→ TASK STATEMENT
For this exercise, output exactly the lines from the opening line of the listing through the line with "寂の中に溶け込む、彫刻のよう", skipping pictures.

════════════════════

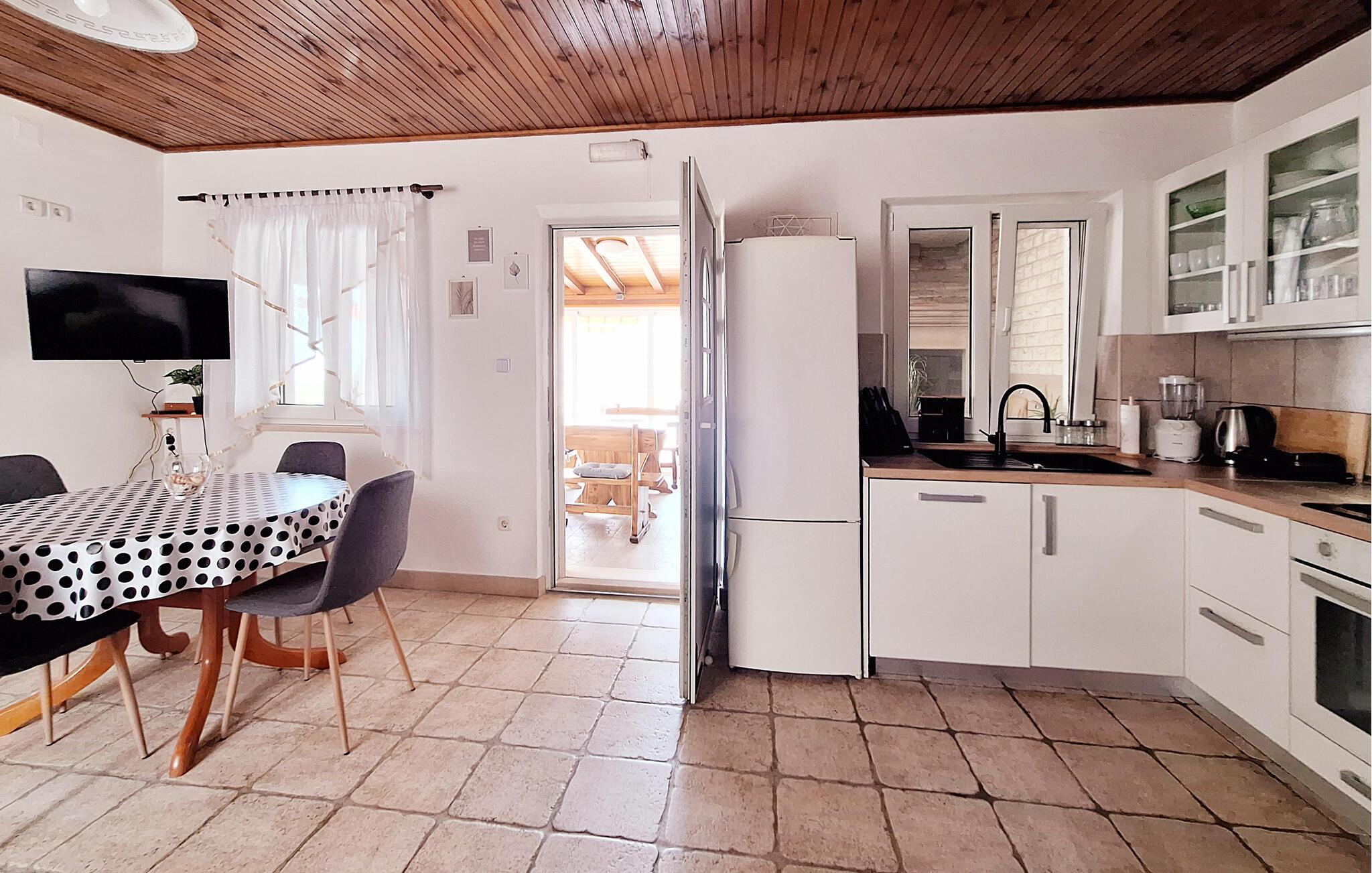 s indre er en rustik blanding af sten og træ. Slap af på den rummelige terrasse med grill. Den afsides beliggenhed sikrer en afslappet ferie.
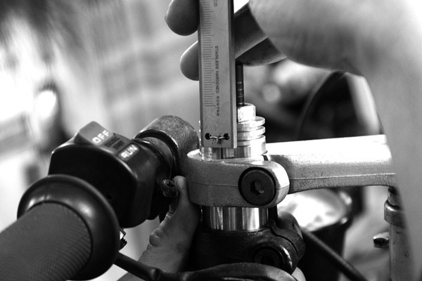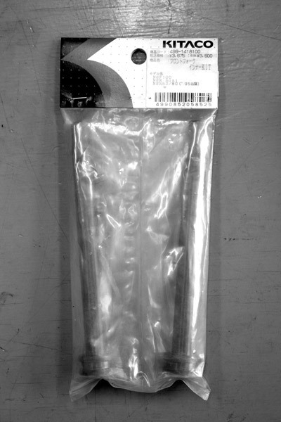 シートパイプのオリフィス孔サイズが変更されているキタコ製フロントフォークインナーKITを入れることで、減衰力強化でハイレベルな走行に対応できるようにします
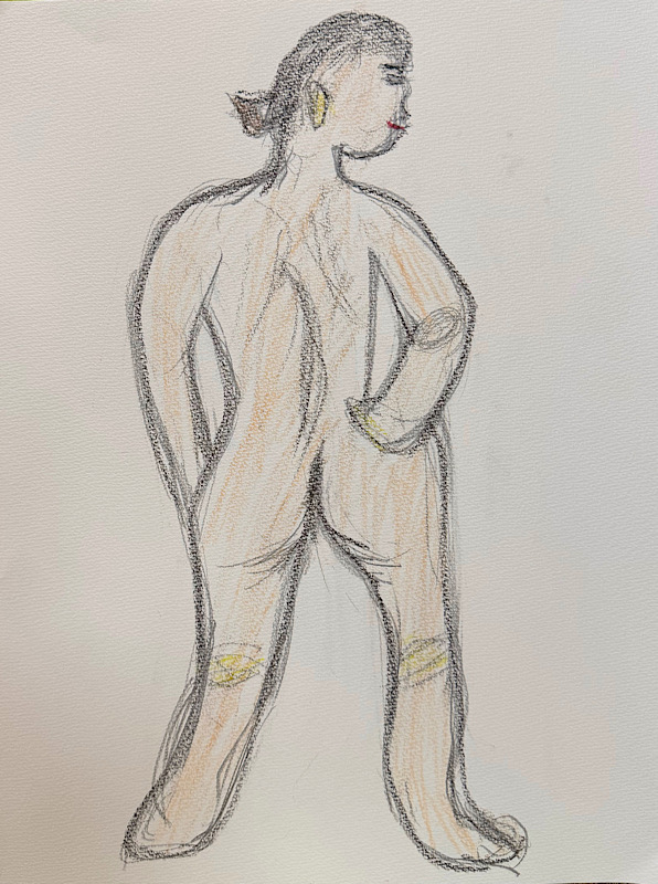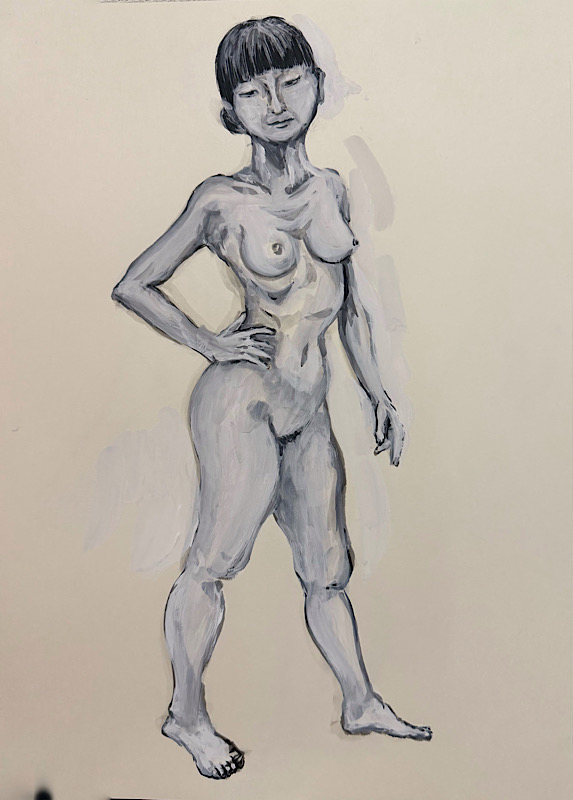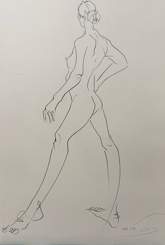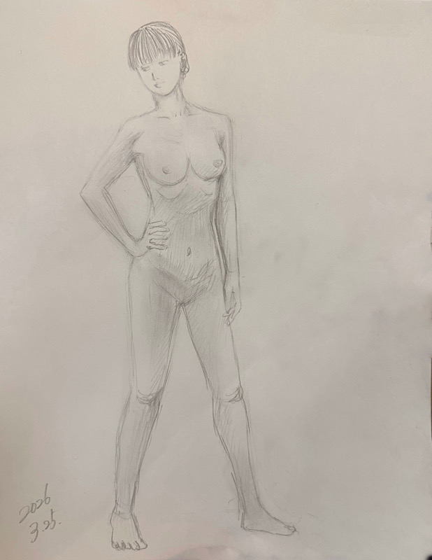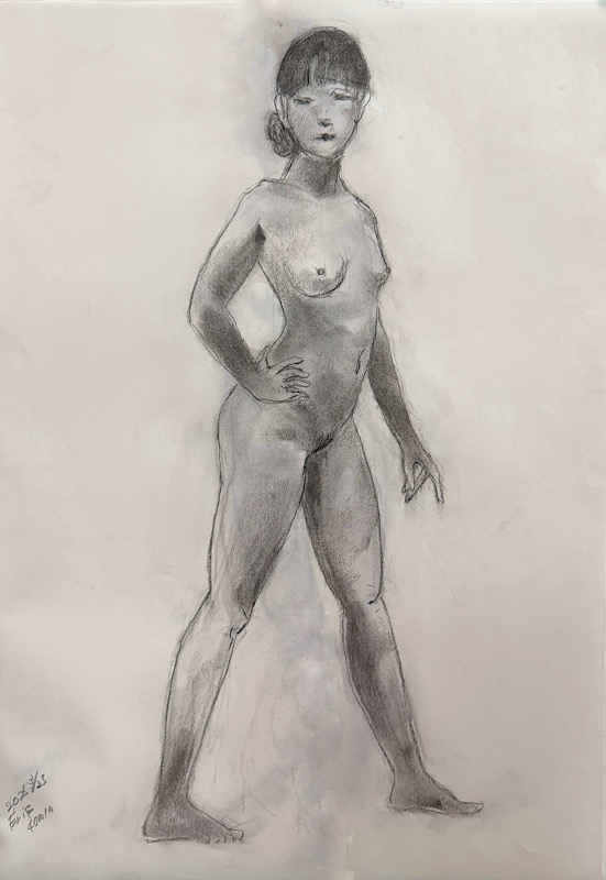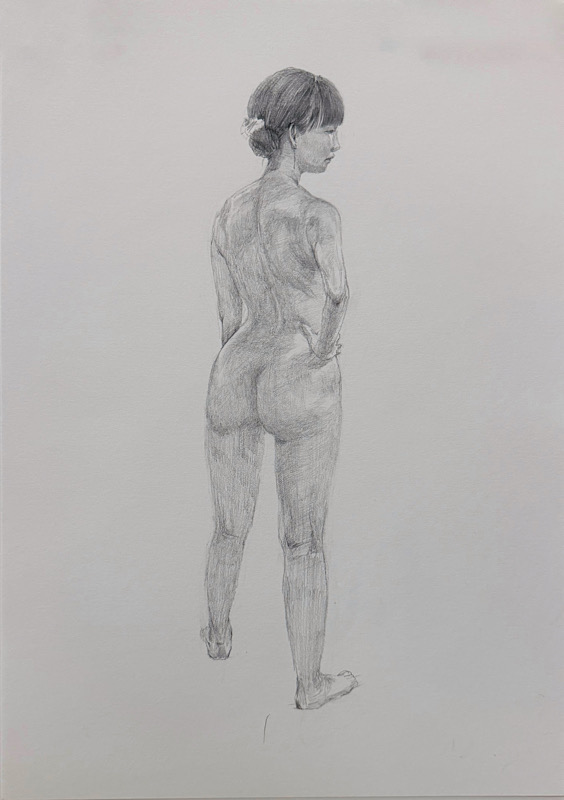 寂の中に溶け込む、彫刻のような不動のポージング。20分間×4回、一点を見据える強い眼差しと豊満な肢体は、生ける古典芸術の如き品格を放ちます。日本的な端正さと肉感的な造形が織りなす陰影は、画家の探究心を深く刺激し、画布に永遠を刻み込ませる圧倒的な力を秘めています。
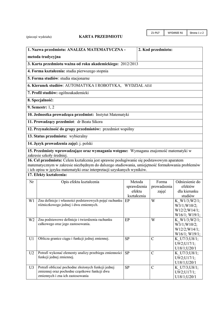 Z1-PU7 (pieczęć wydziału) WYDANIE N1 Strona 1 z 2 KARTA PRZEDMIOTU 1. Nazwa przedmiotu: ANALIZA MATEMATYCZNA - 2. Kod przedmiotu: metoda tradycyjna 3. Karta przedmiotu ważna od roku akademickiego: 2012/2013 4. Forma kształcenia: studia pierwszego stopnia 5. Forma studiów: studia stacjonarne 6. Kierunek studiów: AUTOMATYKA I ROBOTYKA, WYDZIAŁ AEiI 7. Profil studiów: ogólnoakademicki 8. Specjalność: 9. Semestr: 1, 2 10. Jednostka prowadząca przedmiot: Instytut Matematyki 11. Prowadzący przedmiot: dr Beata Sikora 12. Przynależność do grupy przedmiotów: przedmiot wspólny 13. Status przedmiotu: wybieralny 14. Język prowadzenia zajęć: j. polski 15. Przedmioty wprowadzające oraz wymagania wstępne: Wymagana znajomość matematyki w zakresie szkoły średniej. 16. Cel przedmiotu: Celem kształcenia jest sprawne posługiwanie się podstawowym aparatem matematycznym w zakresie niezbędnym do dalszego studiowania, umiejętność formułowania problemów i ich opisu w języku matematyki oraz interpretacji uzyskanych wyników. 17. Efekty kształcenia: Nr Opis efektu kształcenia Metoda sprawdzenia efektu kształcenia W1 Zna definicje i własności podstawowych pojęć rachunku EP różniczkowego jednej i dwu zmiennych. W2 Zna podstawowe definicje i twierdzenia rachunku EP U1 Oblicza granice ciągu i funkcji jednej zmiennej. SP całkowego oraz jego zastosowania. U2 Potrafi wykonać elementy analizy przebiegu zmienności SP funkcji jednej zmiennej. U3 Potrafi obliczać pochodne złożonych funkcji jednej zmiennej oraz pochodne cząstkowe funkcji dwu zmiennych i zna ich zastosowania SP Forma Odniesienie do prowadzenia efektów zajęć dla kierunku studiów W K_W1/3;W2/1; W3/1;W10/2; W12/2;W14/1; W16/1; W19/1; W K_W1/3;W2/1; W3/1;W10/2; W12/2;W14/1; W16/1; W19/1; C K_U7/3;U8/1; U9/2;U17/1; U18/1;U20/1 C K_U7/3;U8/1; U9/2;U17/1; U18/1;U20/1 C K_U7/3;U8/1; U9/2;U17/1; U18/1;U20/1 U4 Oblicza całki nieoznaczone z funkcji elementarnych SP C U5 Potrafi zastosować transformatę Laplace’a do SP C oraz oblicza całki oznaczone i zna ich zastosowania. rozwiązywania równań różniczkowych liniowych. K_U7/3;U8/1; U9/2;U17/1; U18/1;U20/1 K_U7/3;U8/1; U9/2;U17/1; U18/1;U20/1 18. Formy zajęć dydaktycznych i ich wymiar (liczba godzin) W. 60 Ćw. 60 L. P. Sem. 19. Treści kształcenia: Wykład i ćwiczenia są prowadzone metodą tradycyjną. Podczas wykładu podawane są definicje i twierdzenia (część z dowodami); wszystkie pojęcia są ilustrowane licznymi przykładami. Studenci mogą śledzić tok rozumowania, zadawać pytania, uczestniczyć i współdziałać w wyprowadzaniu wzorów oraz rozwiązywaniu problemów i zadań. Na ćwiczeniach studenci rozwiązują (samodzielnie lub z pomocą prowadzącego) zadania rachunkowe wybrane przez prowadzącego. Wykład: 1. Ogólne pojęcie funkcji. 2. Metryka i przestrzeń metryczna. 3. Ciągi w przestrzeniach metrycznych, granica ciągu liczbowego. 4. Granica i ciągłość funkcji. 5. Pochodna i różniczka funkcji. Podstawowe twierdzenia rachunku różniczkowego. 6. Badanie przebiegu zmienności funkcji. 7. Całka nieoznaczona – definicja, własności, metody całkowania. Całkowanie funkcji wymiernych, niewymiernych, trygonometrycznych. 8. Całka Reimanna - definicja, interpretacja, własności, zmiana zmiennych, zastosowania całki oznaczonej. 9. Całki niewłaściwe. 10. Transformata Laplace’a – definicja, podstawowe twierdzenia. Zastosowanie przekształcenia Laplace’a do rozwiązywania równań różniczkowych liniowych o stałych współczynnikach. 11. Rachunek różniczkowy funkcji wielu zmiennych. Pochodne cząstkowe funkcji wielu zmiennych. Różniczka zupełna i jej zastosowania. Ekstrema funkcji dwu zmiennych. Pochodna kierunkowa. Gradient. 12. Całka podwójna – definicja, interpretacje, własności, obliczanie, zmiana zmiennych. 13. Szeregi – liczbowe, potęgowe, Fouriera. Ćwiczenia: W ramach ćwiczeń tablicowych utrwala się i ilustruje zadaniami materiał według programu wykładu. 20. Egzamin: tak 21. Literatura podstawowa: Sikora B., Łobos E.: A first course in calculus. Łobos E., Sikora B.: Advanced Calculus – Selected Topics. Fichtenholz G.M.: Rachunek różniczkowy i całkowy, t. 1, 2. Grzymkowski R.: Matematyka. Łobos E., Sikora B.: Calculus and differential equation s in exercises. Berman G. N.: Zbiór zadań z analizy matematycznej. 7. Grzymkowski R.: Matematyka – zadania i odpowiedzi. 1. 2. 3. 4. 5. 6. 22. Literatura uzupełniająca: Kołodziej W.: Analiza matematyczna. Leja F.: Rachunek Różniczkowy i całkowy. Szałajko K.: Matematyka, t. 1, 2. Trajdos – Wróbel T.: Matematyka dla inżynierów. 5. Krysicki W., Włodarski L.: Zbiór zadań z analizy matematycznej. 1. 2. 3. 4. 23. Nakład pracy studenta potrzebny do osiągnięcia efektów kształcenia Lp. Forma zajęć Wykład Ćwiczenia Laboratorium Projekt Seminarium Inne (egzamin, konsultacje) Suma godzin 24. Suma wszystkich godzin: 360 1 2 3 4 5 6 Liczba godzin kontaktowych / pracy studenta 60/50 60/120 / / / 20 /50 140/220 25. Liczba punktów ECTS: 12 26. Liczba punktów ECTS uzyskanych na zajęciach z bezpośrednim udziałem nauczyciela akademickiego: 5 27. Liczba punktów ECTS uzyskanych na zajęciach o charakterze praktycznym (laboratoria, projekty): 0 26. Uwagi: Zatwierdzono: ……………………………. ………………………………………………… (data i podpis prowadzącego) (data i podpis dyrektora instytutu/kierownika katedry/ Dyrektora Kolegium Języków Obcych/kierownika lub dyrektora jednostki międzywydziałowej)
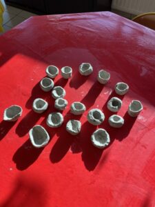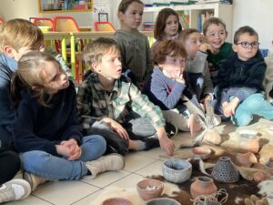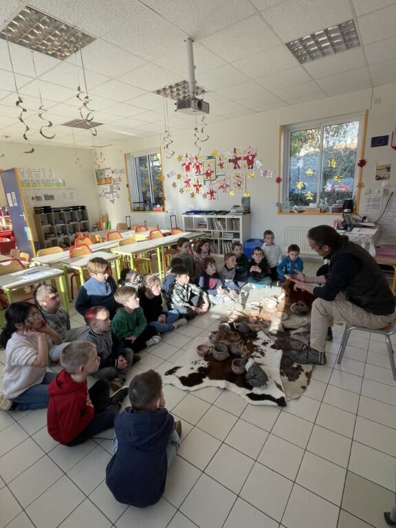 Découverte de la poterie à la PréhistoirePar CCaillaud / 6 janvier 2026 Les élèves de la classe de GSCP ont commencé un cycle culturel sur la Préhistoire en lien avec le Cairn. Les élèves ont réalisé des petits pots avec de l’argile et à l’aide de plumes et de coquillages ils les ont décorés.
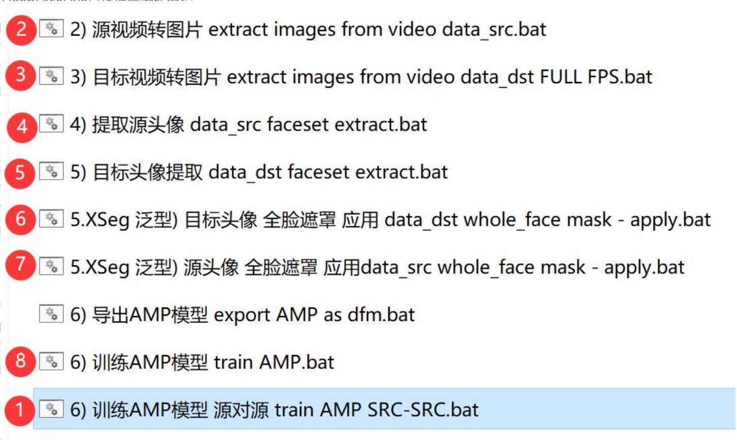6) 训练AMP模型 源对源 train AMP SRC-SRC.bat,训练数百万次 - 删除模型文件夹中的 _AMP_inter_dst.npy 文件
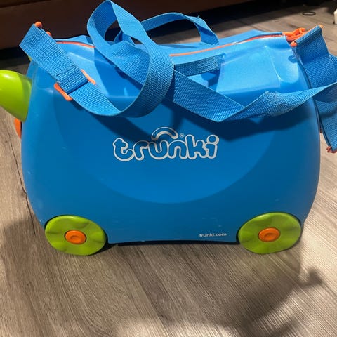 Ihana legendaarinen Trunki - perässä vedettävä matkalaukku lapselle, jonka päällä taapero voi istua.
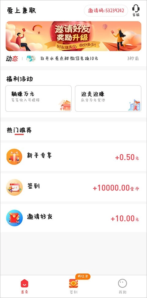 新用户福利:首次登录“爱上兼职”平台,即可领取现金红包,该红包支持随时提现。
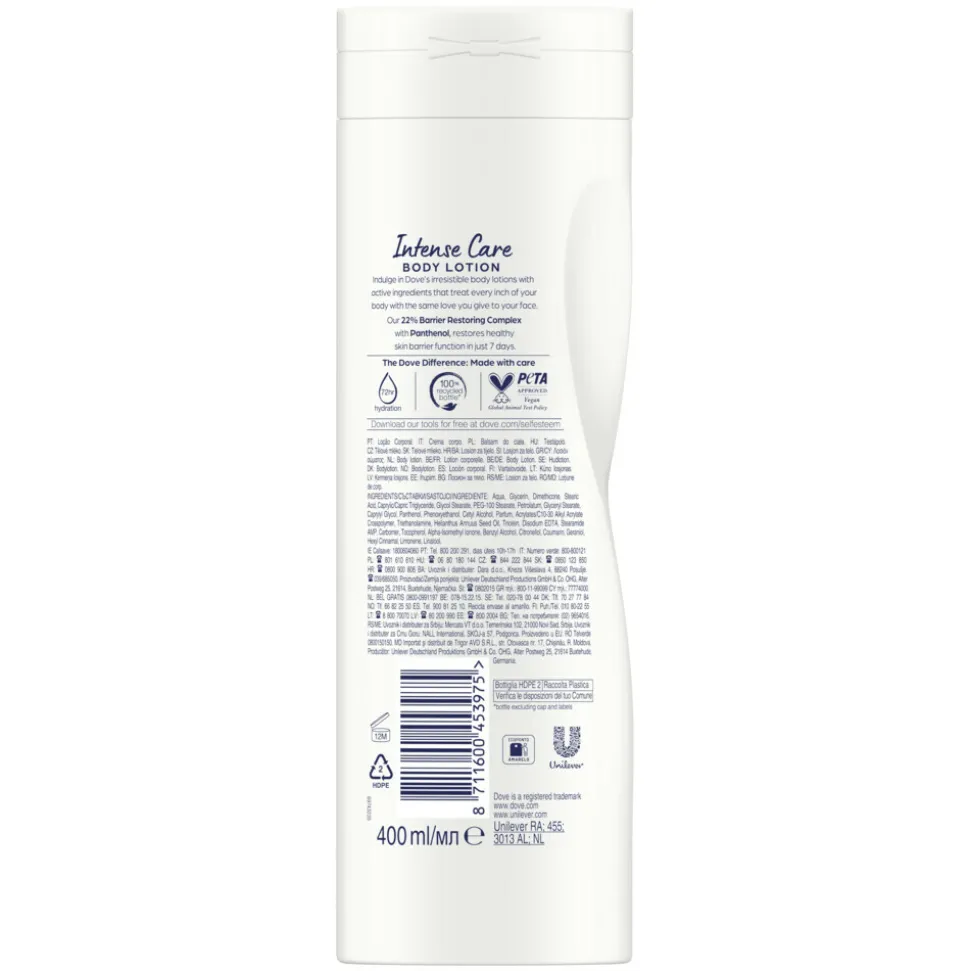 - Dove Body Love Intense Care Bodylotion hydrateert de zeer droge huid

════════════════════

→ TASK OUTPUT
 s indre er en rustik blanding af sten og træ. Slap af på den rummelige terrasse med grill. Den afsides beliggenhed sikrer en afslappet ferie.
 シートパイプのオリフィス孔サイズが変更されているキタコ製フロントフォークインナーKITを入れることで、減衰力強化でハイレベルな走行に対応できるようにします
 寂の中に溶け込む、彫刻のような不動のポージング。20分間×4回、一点を見据える強い眼差しと豊満な肢体は、生ける古典芸術の如き品格を放ちます。日本的な端正さと肉感的な造形が織りなす陰影は、画家の探究心を深く刺激し、画布に永遠を刻み込ませる圧倒的な力を秘めています。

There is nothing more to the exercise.